论文信息 - VidyutVanika: A Reinforcement Learning Based Broker Agent for a Power Trading Competition

VidyutVanika: A Reinforcement Learning Based Broker Agent for a Power Trading Competition

A smart grid is an efficient and sustainable energy system that integrates diverse generation entities, distributed storage capacity, and smart appliances and buildings. A smart grid brings new kinds of participants in the energy market served by it, whose effect on the grid can only be determined through high fidelity simulations. Power TAC offers one such simulation platform using real-world weather data and complex state-of-the-art customer models. In Power TAC, autonomous energy brokers compete to make profits across tariff, wholesale and balancing markets while maintaining the stability of the grid. In this paper, we design an autonomous broker VidyutVanika, the runner-up in the 2018 Power TAC competition.

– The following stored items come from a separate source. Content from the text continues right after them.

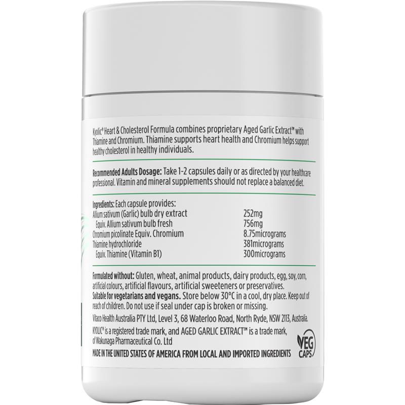 Kyolic® 心臟和膽固醇配方將專有的陳年大蒜萃取物™ 與硫胺素和鉻結合在一起。 Kyolic® 陳蒜萃取™ 是經過長達 20 個月的專有陳化工藝製成的,該工藝將有機種植大蒜中的天然硫化合物轉化為一系列有益的、水溶性的無味化合物。硫胺素(維生素 B1)有益於心臟健康,鉻有助於維持健康個體的健康膽固醇。
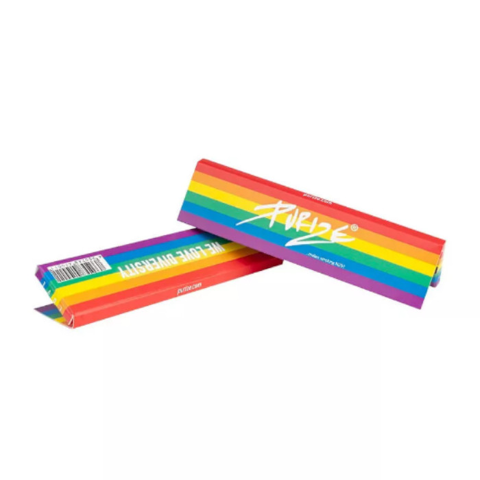 Bletki Purize Rainbow King Size Slim zapakowane są w opakowaniu o unikatowej kolorystyce tęczowej.
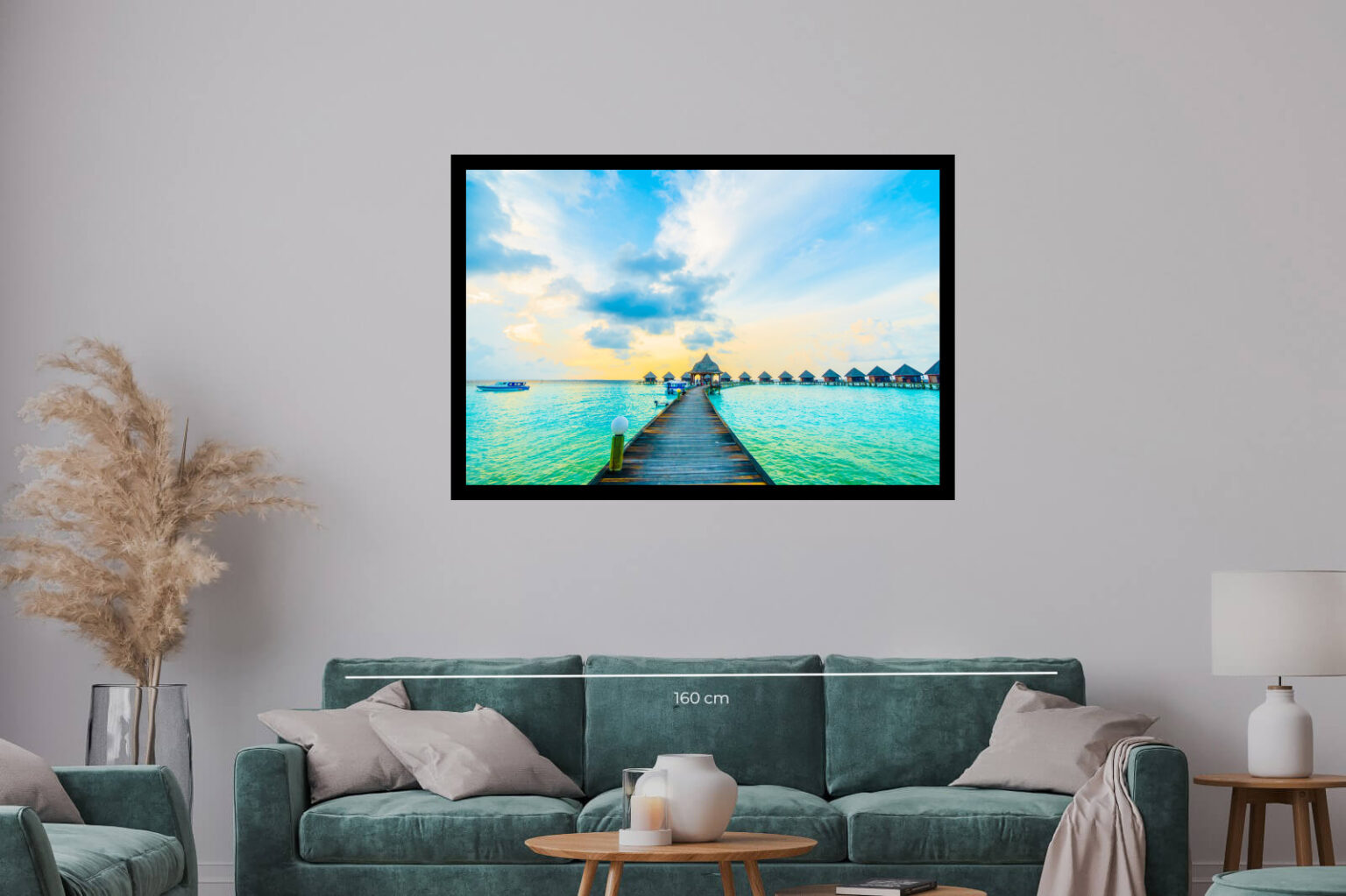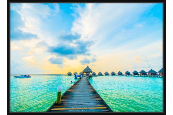 Дървен кей се простира над тюркоазените води на Малдивите, водещ към екзотични вили над водата.
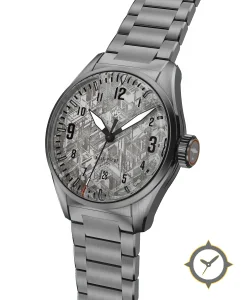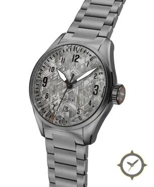 Eine Pilot-Uhr mit einem 34mm Gehäuse im Vintage-Stil gefertigt aus Edelstahl mit einem Zifferblatt in silber und einer besonderen "meteorite (Widmanstätten) texture"-Oberfläche.
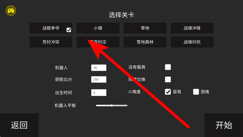 2、然后挑选关卡,在选择有战舰争夺小镇草地等多种关卡可选,选好心仪关卡后,还能设置机器人数量、获胜比分等参数,再点击开始。
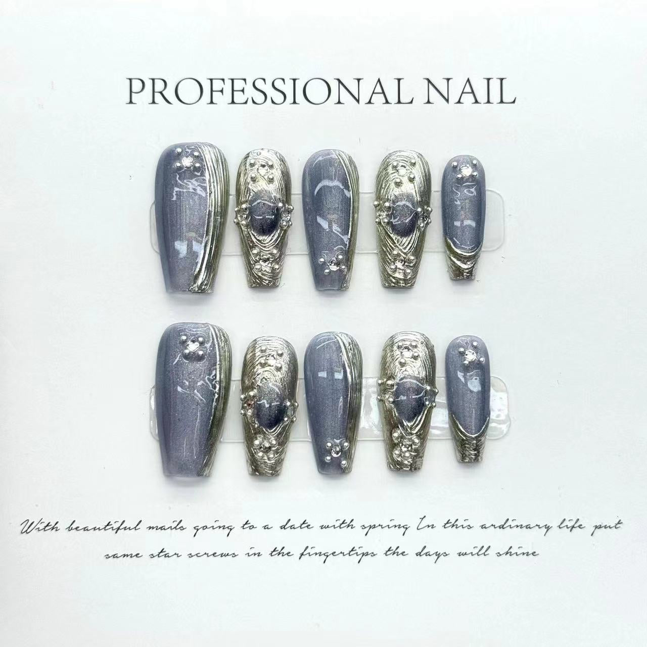 These nails feature a stunning and elegant design. The base color is a smoky, metallic grey with a shimmery finish. Some nails are adorned with intricate silver 3D embellishments that resemble flowing molten metal, giving a luxurious, textured look. Others have minimalistic silver accents and tiny pearl-like beads, adding a touch of sparkle and sophistication. The combination of smooth shimmer and raised metallic designs creates a very dynamic, high-fashion appearance.
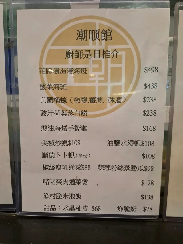 朋友推介咗呢间潮州餐厅,谂住试吓潮州地道滋味!餐厅主打冻乌头、鹅片、蚝仔粥同埋出名嘅鹅肝,仲有隔离枱嘅鳝煲好似好吸引,餐牌选择多样,价钱中规中矩。食材新鲜度真系有惊喜,特别系冻乌头同蚝仔粥,鲜甜滑口;鹅片同鹅肝味道浓郁,鳝煲软腍入味,正常水准但唔算突出。🍴🥢环境方面就稍为失望,地方有啲逼窄,枱同枱之间好近,气氛有啲混乱。服务态度更系痛点,阿姐为咗翻枱有时会用手段赶客,感觉唔太舒服;埋单时仲话卡机坏咗,迫用八达通或现金,朋友话呢招用咗几个月,体验大打折扣。💸😣总括嚟讲,王朝潮顺馆食材新鲜系优点,但环境同服务一般,建议有心理准备先去,食潮州菜仲有其他更好选择!⭐️⭐️⭐️🌑…查看更多
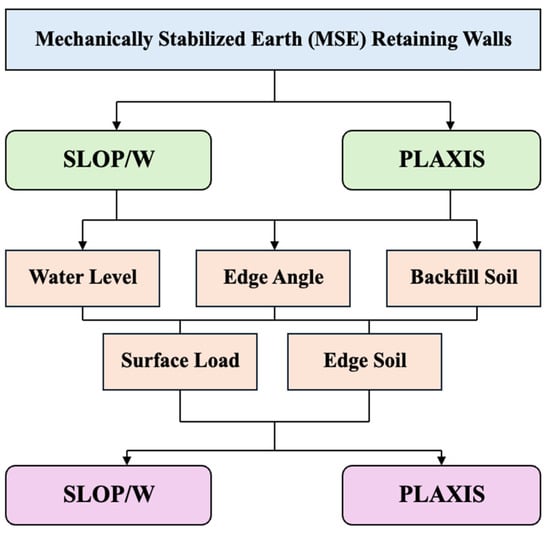 The two-dimensional plane strain representation of the wall described in this manuscript was built in PLAXIS and duplicated in SLOPEW. Construction was simulated in successive stages that mirror the field placement of the backfill and reinforcement. The soil was treated with a Mohr–Coulomb constitutive model, and each reinforcement layer was represented by axial elements assigned the tensile stiffness measured for the chosen metal strips or geosynthetic sheets. This study focuses on the material and loading parameters already reported earlier in this manuscript. Each parameter was varied one at a time within the project-specific ranges, while all other inputs remained fixed. This approach isolates the direct influence of every variable on sliding and overturning resistance. The numerical framework was first verified by reproducing the published factors of safety from peer-reviewed studies that employ the same backfill type and reinforcement materials referenced in this manuscript. The computed sliding and overturning factors of safety closely matched those of the benchmark values, confirming the adequacy of the adopted soil model, boundary placement, and staged construction procedure. Parallel calculations in SLOPEW yielded factors of safety that agree with the PLAXIS results, which reinforces the reliability of the dual-platform approach. After validation, the parameter study revealed that reinforcement length and backfill shear strength exert the greatest control on both sliding and overturning safety, followed by surcharge magnitude. All the findings are synthesized in Figure 1, which traces the full workflow from model definition through verification to variable-by-variable evaluation.
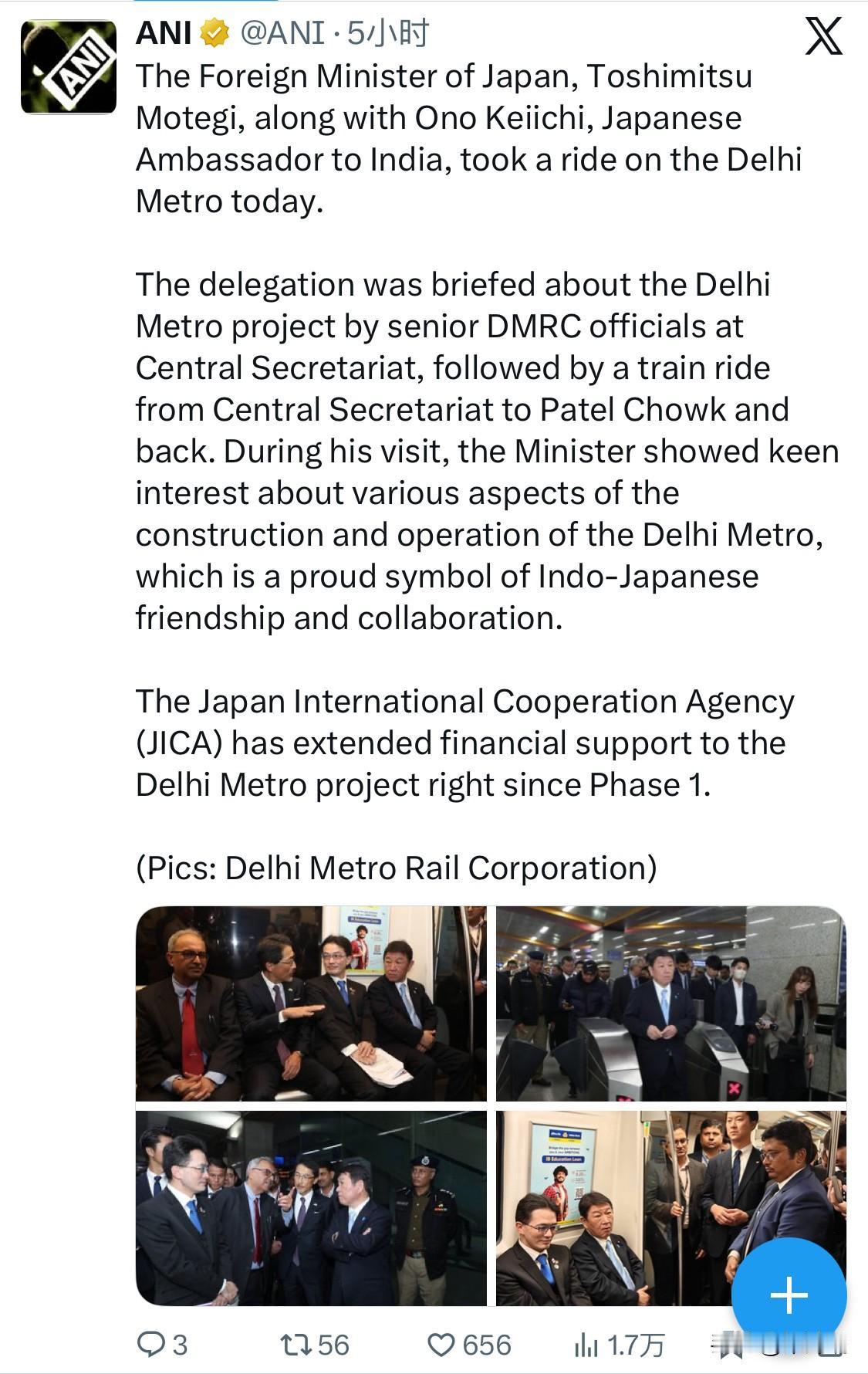 今天,日本外相茂木敏充与日本驻印度大使小野圭一一同乘坐了德里地铁。 代表团在中央秘书处听取了德里地铁公司高级官员关于德里地铁项目的简报,随后乘坐地铁从中央秘书处前往帕特尔广场站并返回。访问期间,部长对德里地铁的建设和运营的各个方面表现出浓厚的兴趣,德里地铁是印日友谊与合作的骄傲象征。 日本国际协力机构(JICA)从德里地铁项目一期工程开始就为其提供财政支持。
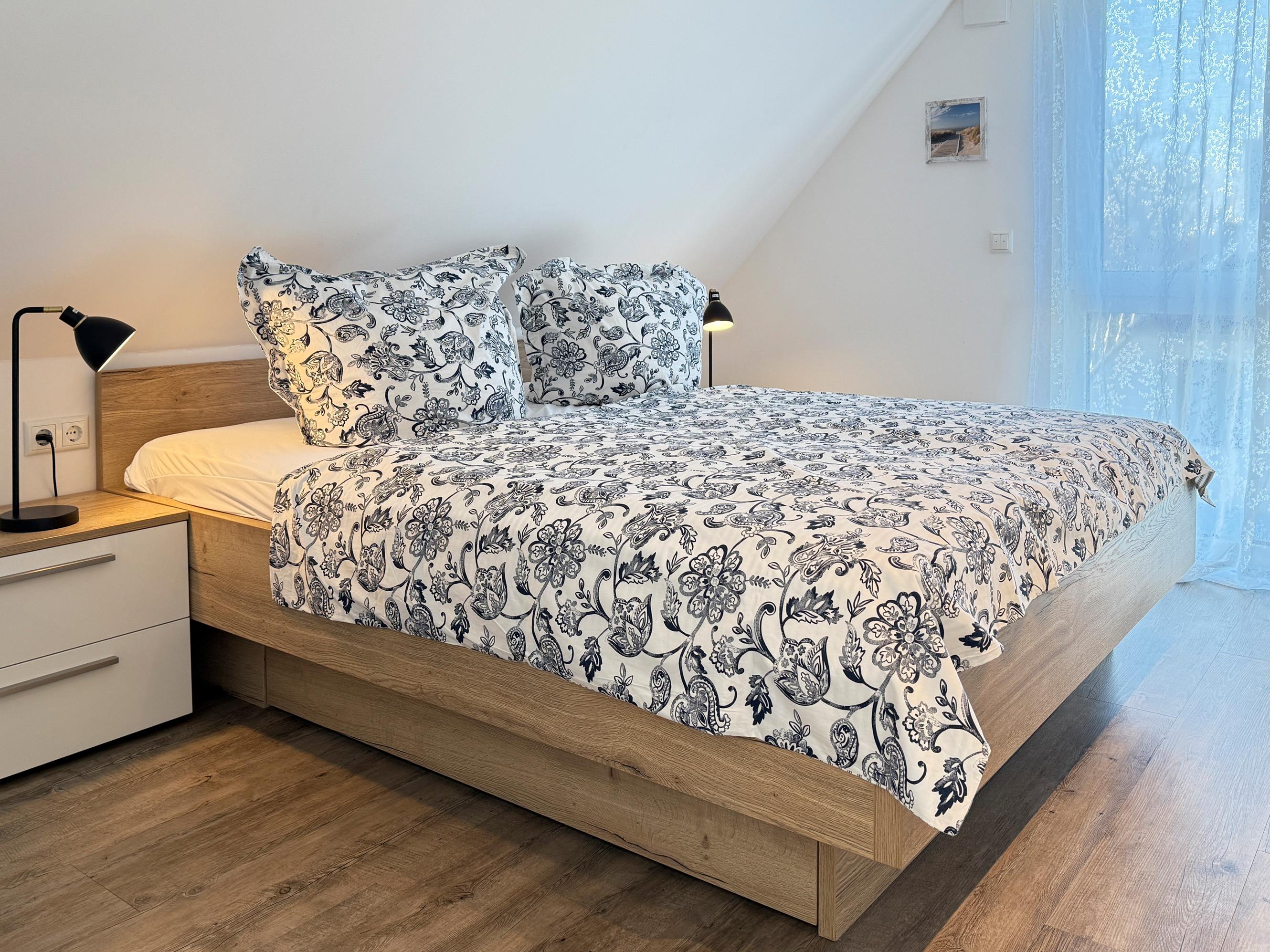 Gemütliches Schlafzimmer: Ausgestattet mit einem komfortablen Doppelbett und großzügigem Kleiderschrank.

VidyutVanika relies on reinforcement learning (RL) in the tariff market and dynamic programming in the wholesale market to solve modified versions of known Markov Decision Process (MDP) formulations in the respective markets. The novelty lies in defining the reward functions for MDPs, solving these MDPs, and the application of these solutions to real actions in the market. Unlike previous participating agents, VidyutVanika uses a neural network to predict the energy consumption of various customers using weather data. We use several heuristic ideas to bridge the gap between the restricted action spaces of the MDPs and the much more extensive action space available to VidyutVanika. These heuristics allow VidyutVanika to convert near-optimal fixed tariffs to time-of-use tariffs aimed at mitigating transmission capacity fees, spread out its orders across several auctions in the wholesale market to procure energy at a lower price, more accurately estimate parameters required for implementing the MDP solution in the wholesale market, and account for wholesale procurement costs while optimizing tariffs. We use Power TAC 2018 tournament data and controlled experiments to analyze the performance of VidyutVanika, and illustrate the efficacy of the above strategies.